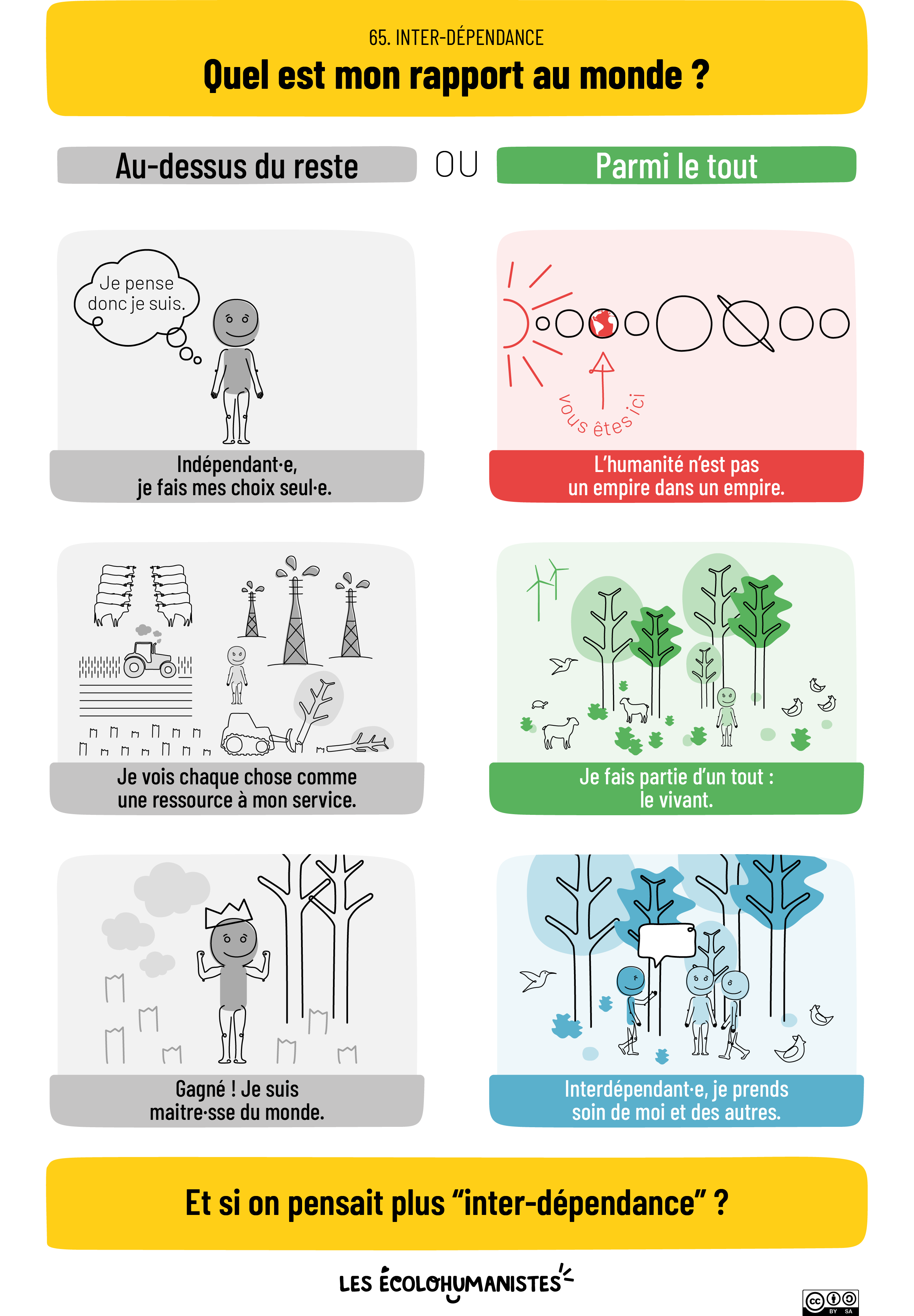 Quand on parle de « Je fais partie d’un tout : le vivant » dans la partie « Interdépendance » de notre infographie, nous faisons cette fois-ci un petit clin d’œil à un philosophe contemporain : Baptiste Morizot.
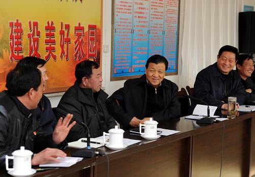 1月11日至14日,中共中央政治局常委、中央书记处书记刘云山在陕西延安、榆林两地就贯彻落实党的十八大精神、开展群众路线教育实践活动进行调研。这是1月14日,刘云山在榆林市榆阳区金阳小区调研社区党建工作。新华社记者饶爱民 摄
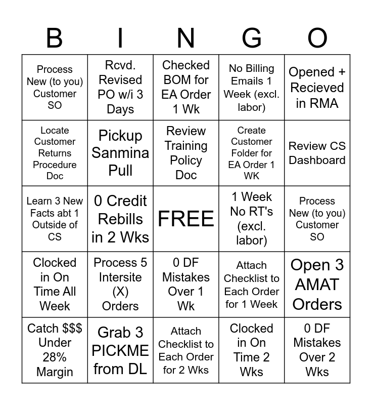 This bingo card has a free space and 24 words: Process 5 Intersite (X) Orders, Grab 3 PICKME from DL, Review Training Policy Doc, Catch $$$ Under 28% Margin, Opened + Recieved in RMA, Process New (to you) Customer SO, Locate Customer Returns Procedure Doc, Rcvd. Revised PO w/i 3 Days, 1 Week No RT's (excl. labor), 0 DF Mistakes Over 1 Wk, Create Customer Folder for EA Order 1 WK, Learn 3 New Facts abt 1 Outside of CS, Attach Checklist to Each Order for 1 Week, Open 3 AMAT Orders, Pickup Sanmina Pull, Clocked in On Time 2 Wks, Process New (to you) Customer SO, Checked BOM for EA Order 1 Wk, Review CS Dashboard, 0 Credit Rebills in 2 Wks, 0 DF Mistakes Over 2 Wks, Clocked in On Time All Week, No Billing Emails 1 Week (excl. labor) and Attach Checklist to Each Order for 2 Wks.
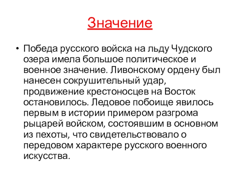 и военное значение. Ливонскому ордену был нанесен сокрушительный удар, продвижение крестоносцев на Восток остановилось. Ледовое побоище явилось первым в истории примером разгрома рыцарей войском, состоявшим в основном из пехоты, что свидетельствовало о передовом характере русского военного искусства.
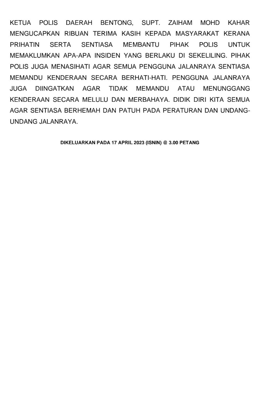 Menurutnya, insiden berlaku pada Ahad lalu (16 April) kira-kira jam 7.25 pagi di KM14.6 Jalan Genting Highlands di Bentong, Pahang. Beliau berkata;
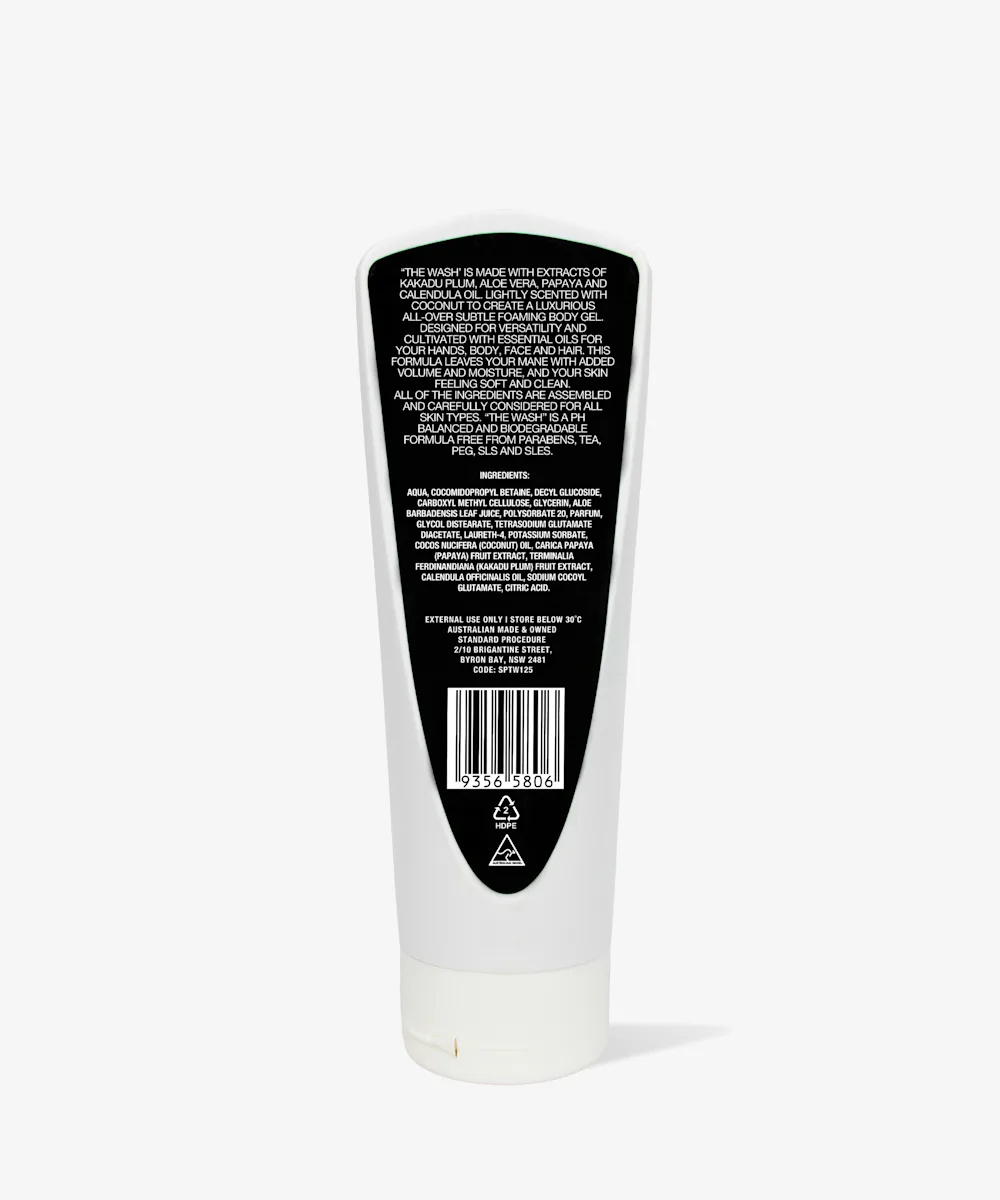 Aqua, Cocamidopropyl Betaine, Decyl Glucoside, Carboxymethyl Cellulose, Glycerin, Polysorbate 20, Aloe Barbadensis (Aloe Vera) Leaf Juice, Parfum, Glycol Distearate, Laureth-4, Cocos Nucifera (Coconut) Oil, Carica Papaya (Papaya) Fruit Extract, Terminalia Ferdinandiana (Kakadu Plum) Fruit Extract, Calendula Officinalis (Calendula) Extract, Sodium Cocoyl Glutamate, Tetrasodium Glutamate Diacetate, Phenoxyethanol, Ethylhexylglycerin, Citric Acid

◆ Task prompt ◆
Retype the full listing above precisely. Exclude each picture you find in it.

◆ Exercise output ◆
 Quand on parle de « Je fais partie d’un tout : le vivant » dans la partie « Interdépendance » de notre infographie, nous faisons cette fois-ci un petit clin d’œil à un philosophe contemporain : Baptiste Morizot.
 1月11日至14日,中共中央政治局常委、中央书记处书记刘云山在陕西延安、榆林两地就贯彻落实党的十八大精神、开展群众路线教育实践活动进行调研。这是1月14日,刘云山在榆林市榆阳区金阳小区调研社区党建工作。新华社记者饶爱民 摄
 This bingo card has a free space and 24 words: Process 5 Intersite (X) Orders, Grab 3 PICKME from DL, Review Training Policy Doc, Catch $$$ Under 28% Margin, Opened + Recieved in RMA, Process New (to you) Customer SO, Locate Customer Returns Procedure Doc, Rcvd. Revised PO w/i 3 Days, 1 Week No RT's (excl. labor), 0 DF Mistakes Over 1 Wk, Create Customer Folder for EA Order 1 WK, Learn 3 New Facts abt 1 Outside of CS, Attach Checklist to Each Order for 1 Week, Open 3 AMAT Orders, Pickup Sanmina Pull, Clocked in On Time 2 Wks, Process New (to you) Customer SO, Checked BOM for EA Order 1 Wk, Review CS Dashboard, 0 Credit Rebills in 2 Wks, 0 DF Mistakes Over 2 Wks, Clocked in On Time All Week, No Billing Emails 1 Week (excl. labor) and Attach Checklist to Each Order for 2 Wks.
 и военное значение. Ливонскому ордену был нанесен сокрушительный удар, продвижение крестоносцев на Восток остановилось. Ледовое побоище явилось первым в истории примером разгрома рыцарей войском, состоявшим в основном из пехоты, что свидетельствовало о передовом характере русского военного искусства.
 Menurutnya, insiden berlaku pada Ahad lalu (16 April) kira-kira jam 7.25 pagi di KM14.6 Jalan Genting Highlands di Bentong, Pahang. Beliau berkata;
 Aqua, Cocamidopropyl Betaine, Decyl Glucoside, Carboxymethyl Cellulose, Glycerin, Polysorbate 20, Aloe Barbadensis (Aloe Vera) Leaf Juice, Parfum, Glycol Distearate, Laureth-4, Cocos Nucifera (Coconut) Oil, Carica Papaya (Papaya) Fruit Extract, Terminalia Ferdinandiana (Kakadu Plum) Fruit Extract, Calendula Officinalis (Calendula) Extract, Sodium Cocoyl Glutamate, Tetrasodium Glutamate Diacetate, Phenoxyethanol, Ethylhexylglycerin, Citric Acid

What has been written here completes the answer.